[Opening Data listing section]

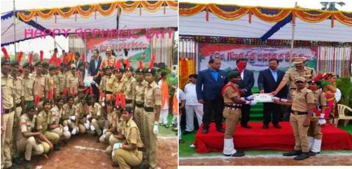
CADETS AND ANO PARTICIPATED ON REPUBLIC DAY CELEBRATION AT POLICE GROUD, JANGOAN AND APPRECIATION CERTIFICATE TAKEN FROM COLLECTOR AND DCP OF JANGOAN
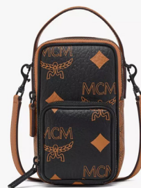
AREN CROSSBODY PHONE CASE IN MONOGRAM MIX (SMALL) THB 24,200 / NOW THB 16,940
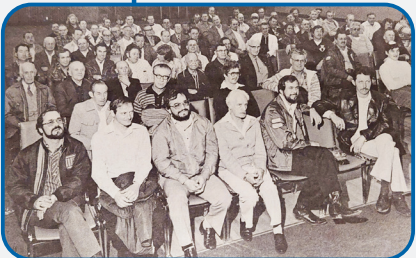
Union Meeting District 1

25th anniversary of OEPP. $134.2M in total benefit payments.
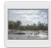
5. Comunity based tourism.ppt
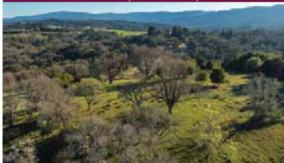
Lot 4 (22+ Acres)
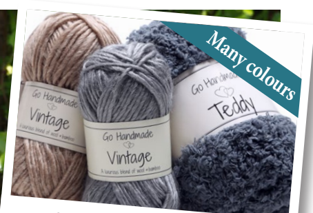
Knitted in Go handmades Teddy: 100% Polyester, 50 g/65 m and Go handmades Vintage: 70% Wool/30% Bamboo, 25 g/60 m.

YARN USAGE Teddy Grey/Beige: Vintage Grey/Brown: A few meters of black yarn for nose and mouth.
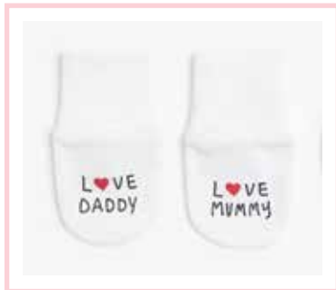
KKM-NB-1004 mitten single jersey, embroidery
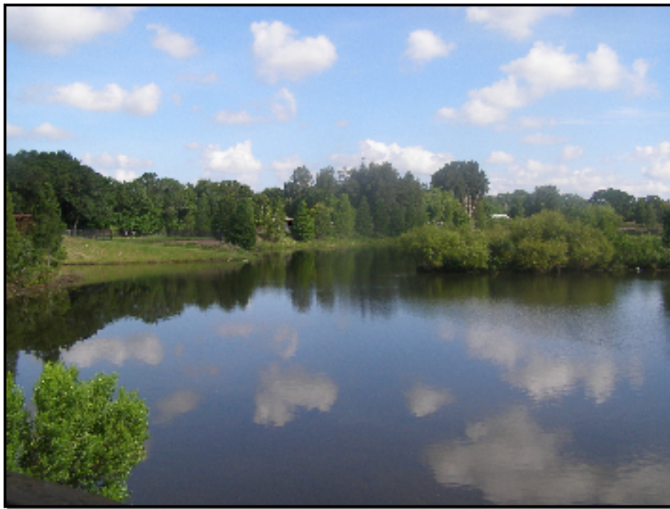
Joe's Creek Preserve

The Pinellas County Environmental Fund (PCEF) is a unique partnership between the Pinellas County Board of County Commissioners, the National Oceanic and Atmospheric Administration (NOAA), and the National Fish and Wildlife Foundation. These three groups share the common goals of actively pursuing the protection, restoration, and enhancement of Tampa Bay's natural resources. PCEF is funded by the Pinellas County Board of County Commissioners, the National Oceanic and Atmospheric Administration, and corporate and individual sponsors. The National Fish and Wildlife Foundation administers all grant awards on behalf of PCEF. Projects funded by PCEF support the Tampa Bay Estuary Program's Comprehensive Conservation and Management Plan. In 2006, PCEF provided partial funding for 15 projects, with additional monies leveraged for a total of $4.6 million to support Tampa Bay-focused restoration efforts.
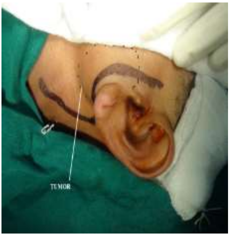
Fig. 1: Parotid swelling
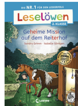
Reading Lions (Year 2) - Secret Mission at the Riding Stable
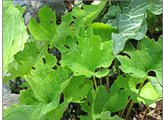
Bloodroot foliage

Bloodroot is recommended for the following landscape applications;
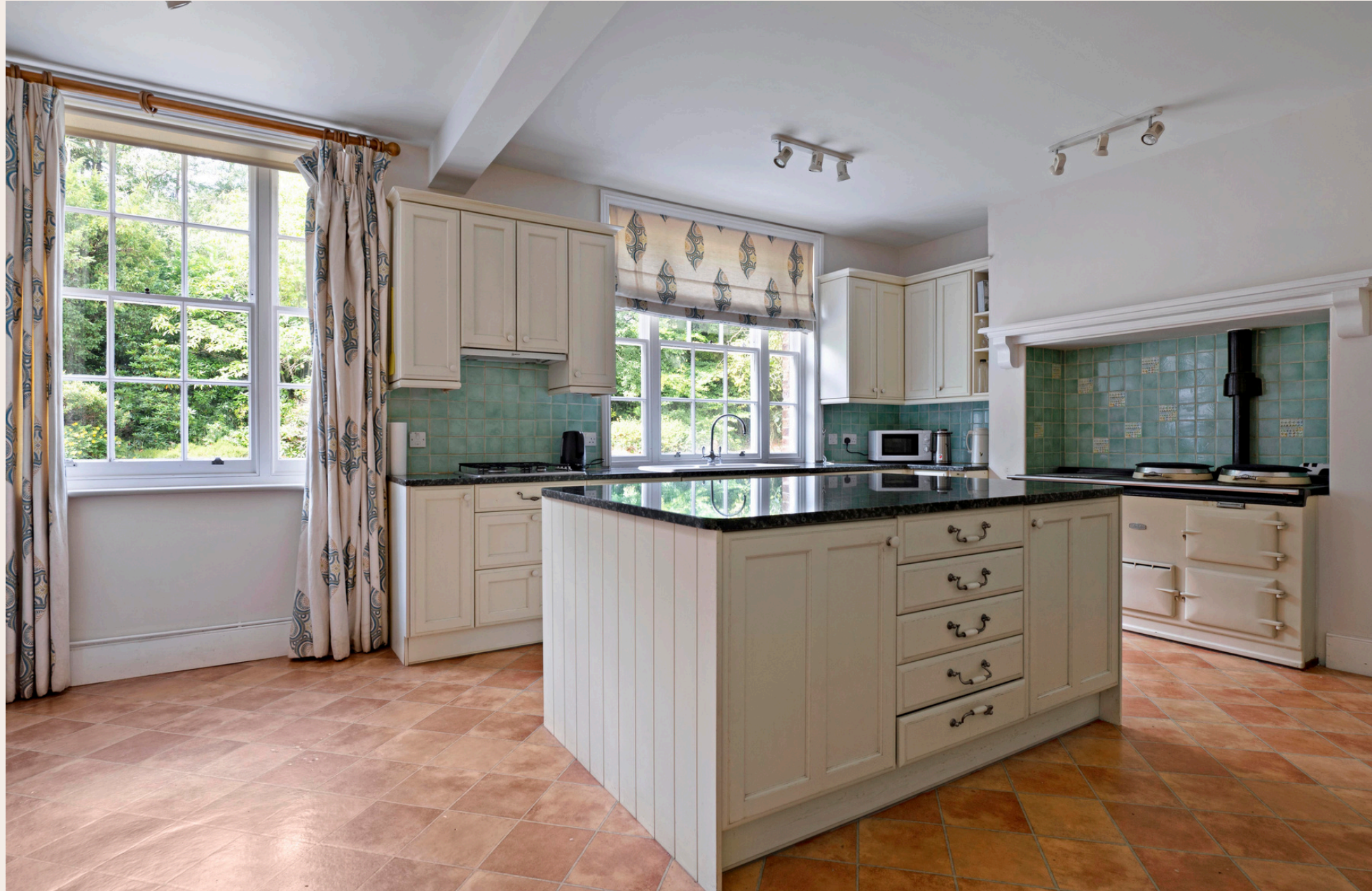
ROUNDWOOD, SUNNINGHILL ROAD, WINDLESHAM
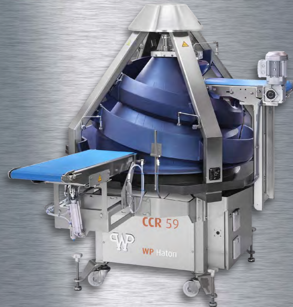
CCR 59 Conical Rounder

2 Trap Falls Road, Suite 105, Shelton, CT 06484 // Phone 203-929-6530 // Fax 203-929-7089 // info@wpbakerygroupusa.com // www.wpbakerygroupusa.com
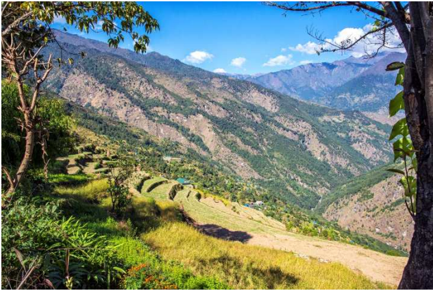
Terraced crops near Rapcha above the Dudh Khosi

Since the end of 2017, the village has been accessible via a Jeep track. Until now, the little Phaplu airport was two days' walk away, and the closest access point by road was 7 days away.
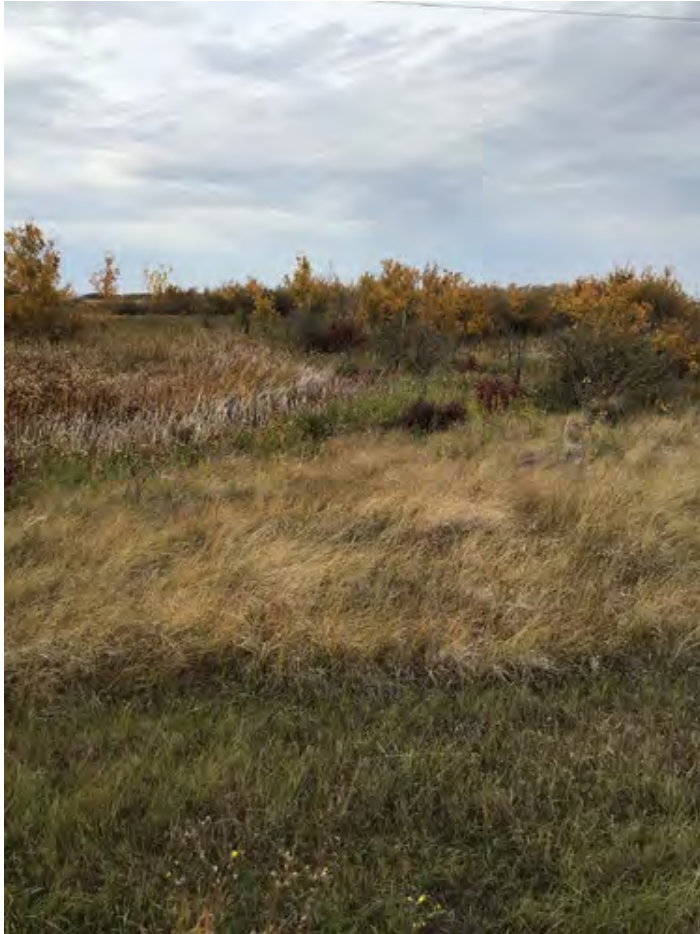
21. Wetland A-78, looking north October 1, 2021.
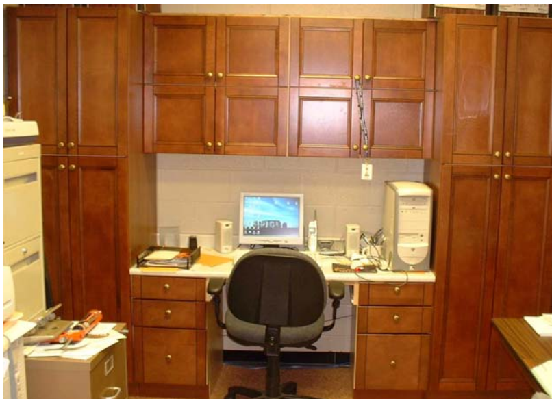
New cupboards in the Union office have greatly improved storage capacity and working space

provides $7,000 to purchase 2 Automatic External Defibrillators to be donated to and installed in Loyalist College.
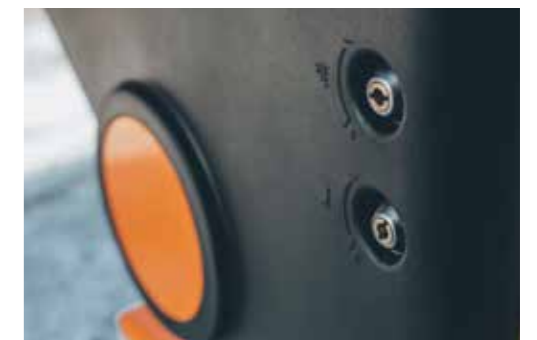
Side cover D601

Optionally, the K-BASIC 2 or the K-TRONIC 2 may be ordered as „remote control unit“ or may be refitted.
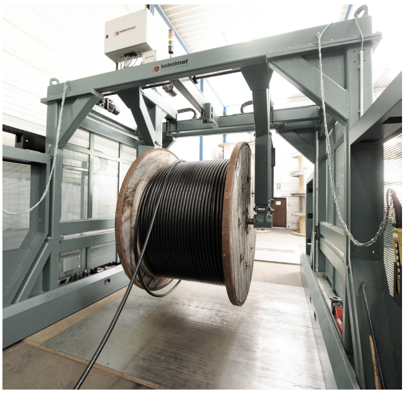
Fig. 3 PORTROL 2500 AWB
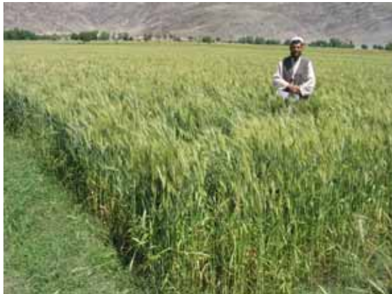
Wheat seed production by member of Besboud VBSE in Nangarhar province
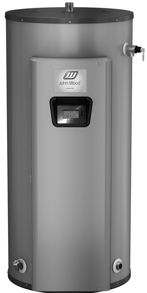
JW-EI Model Shown Above
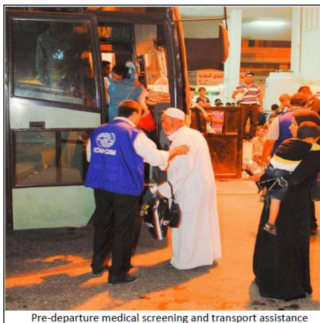
Pre-departure medical screening and transport assistance

[Closing Data listing section]

## [What is expected]
Give back the entries above exactly as they stand. Leave the images out.

## [Response to the task]
CADETS AND ANO PARTICIPATED ON REPUBLIC DAY CELEBRATION AT POLICE GROUD, JANGOAN AND APPRECIATION CERTIFICATE TAKEN FROM COLLECTOR AND DCP OF JANGOAN
AREN CROSSBODY PHONE CASE IN MONOGRAM MIX (SMALL) THB 24,200 / NOW THB 16,940
Union Meeting District 1

25th anniversary of OEPP. $134.2M in total benefit payments.
5. Comunity based tourism.ppt
Lot 4 (22+ Acres)
Knitted in Go handmades Teddy: 100% Polyester, 50 g/65 m and Go handmades Vintage: 70% Wool/30% Bamboo, 25 g/60 m.

YARN USAGE Teddy Grey/Beige: Vintage Grey/Brown: A few meters of black yarn for nose and mouth.
KKM-NB-1004 mitten single jersey, embroidery
Joe's Creek Preserve

The Pinellas County Environmental Fund (PCEF) is a unique partnership between the Pinellas County Board of County Commissioners, the National Oceanic and Atmospheric Administration (NOAA), and the National Fish and Wildlife Foundation. These three groups share the common goals of actively pursuing the protection, restoration, and enhancement of Tampa Bay's natural resources. PCEF is funded by the Pinellas County Board of County Commissioners, the National Oceanic and Atmospheric Administration, and corporate and individual sponsors. The National Fish and Wildlife Foundation administers all grant awards on behalf of PCEF. Projects funded by PCEF support the Tampa Bay Estuary Program's Comprehensive Conservation and Management Plan. In 2006, PCEF provided partial funding for 15 projects, with additional monies leveraged for a total of $4.6 million to support Tampa Bay-focused restoration efforts.
Fig. 1: Parotid swelling
Reading Lions (Year 2) - Secret Mission at the Riding Stable
Bloodroot foliage

Bloodroot is recommended for the following landscape applications;
ROUNDWOOD, SUNNINGHILL ROAD, WINDLESHAM
CCR 59 Conical Rounder

2 Trap Falls Road, Suite 105, Shelton, CT 06484 // Phone 203-929-6530 // Fax 203-929-7089 // info@wpbakerygroupusa.com // www.wpbakerygroupusa.com
Terraced crops near Rapcha above the Dudh Khosi

Since the end of 2017, the village has been accessible via a Jeep track. Until now, the little Phaplu airport was two days' walk away, and the closest access point by road was 7 days away.
21. Wetland A-78, looking north October 1, 2021.
New cupboards in the Union office have greatly improved storage capacity and working space

provides $7,000 to purchase 2 Automatic External Defibrillators to be donated to and installed in Loyalist College.
Side cover D601

Optionally, the K-BASIC 2 or the K-TRONIC 2 may be ordered as „remote control unit“ or may be refitted.
Fig. 3 PORTROL 2500 AWB
Wheat seed production by member of Besboud VBSE in Nangarhar province
JW-EI Model Shown Above
Pre-departure medical screening and transport assistance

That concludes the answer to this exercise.